Saturday, January 28, 2006

Blogging A Million Little Pieces

If i sound a little angry for the next few words or so, please excuse me. Somebody shook my core.

I've just put down a copy of a druggie's memoir, which is fast becoming one of the most controversial (read: publisher's goldmine) books in America today. James Frey's A Million Little Pieces is controversial, not because it now holds a enviable place in the little book club by the lady with the Midas' touch, Oh hail, Queen Oprah, or because Frey was acclaimed to be the literary genius of his generation, but because he prided the book as a memoir, when in fact, or should i say in truthiness, he exercised a little creativity, which according to some, has no room in autobiographies. He embelished, he got rich quick, now he's getting screwed.

I, on the other hand, personally like the book.

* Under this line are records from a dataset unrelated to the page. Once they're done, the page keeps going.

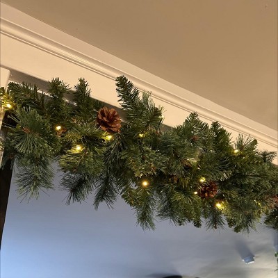 Nearly Natural 6-ft White Mountain Pine Artificial Garland with 35 White Warm LED Lights and Pinecones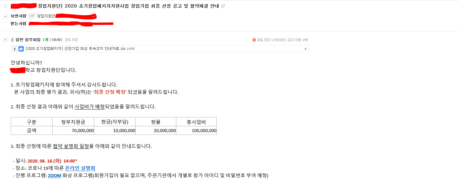 우선 아래와 같이 주관기관인 ??대학교 창업지원단으로부터 최종 선정 확정 메일과 최종 사업비 조정 결과를 안내받았습니다.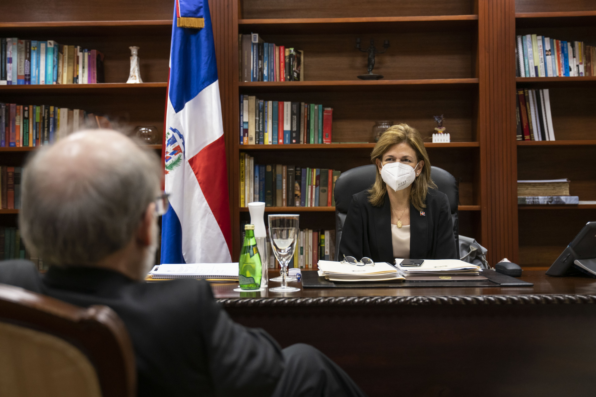 La vicepresidenta Raquel Peña sostiene una reunión con el Monseñor Víctor Masalles, Obispo de la provincia de Baní. Santo Domingo, República Dominicana. 16 de Febrero 2021. Vp/ Jhon Escalante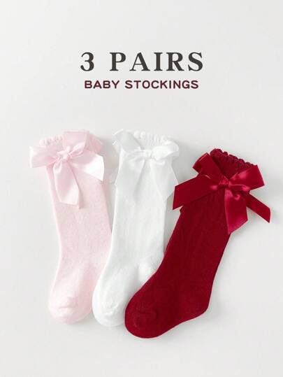 3 Pairs Of Adorable Bow Knee Baby Toddler High Socks For Girls - Hand Wash Only, Polyester Blend, Newborn Suitable - Multicolor - View 1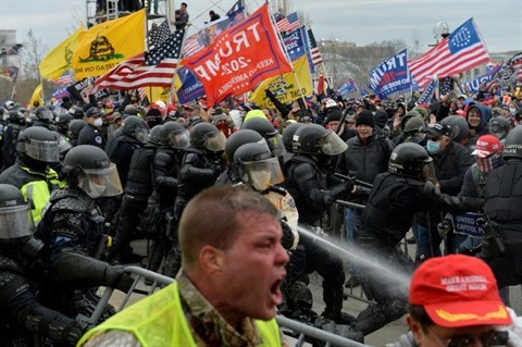 | Des supporters de Trump affrontent la police le 6 janvier devant le Capitole. L'invasion du Congrès a fait 5 morts en tout. |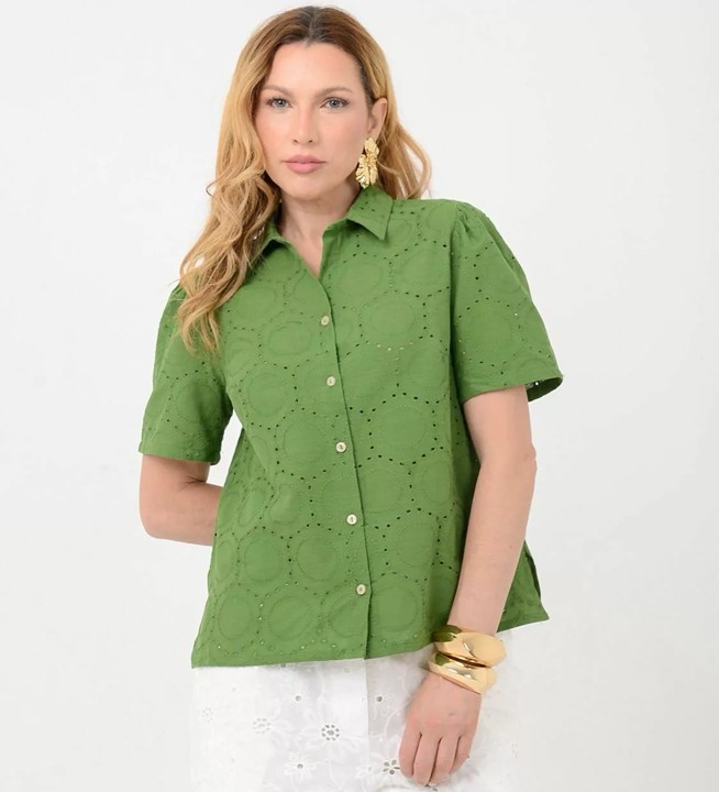 Uma camisa romântica e clássica confeccionada em algodão para você vestir elegância com conforto! A camisa Alexa é confecciona em Laise e garante um look sofisticado. Pode ser usada fechada ou toda aberta como terceira peça em cima de regatas ou vestidos. Linda, leve e ideal para qualquer ocasião.

It did away with most adjectives and adverbs, much to a lazy audience delight (ahem,ahem). If there was a chair in the room, he just said there's a chair in the room. He did away with most punctuations as well, did not care for grammatical forms. Most of the time i got confused on who was talking got confused where the sentenced ended where he was in the facility whether he was daydreaming or sleeping or daydreaming or hallucinating whether he was angry or happy or out of it or together. If you got confused on my last run-on-over-under-beneath-beyond sentence, that was how i was feeling most of the time while immersed in the book. I was confused. It shook my core. He's my freaking idol.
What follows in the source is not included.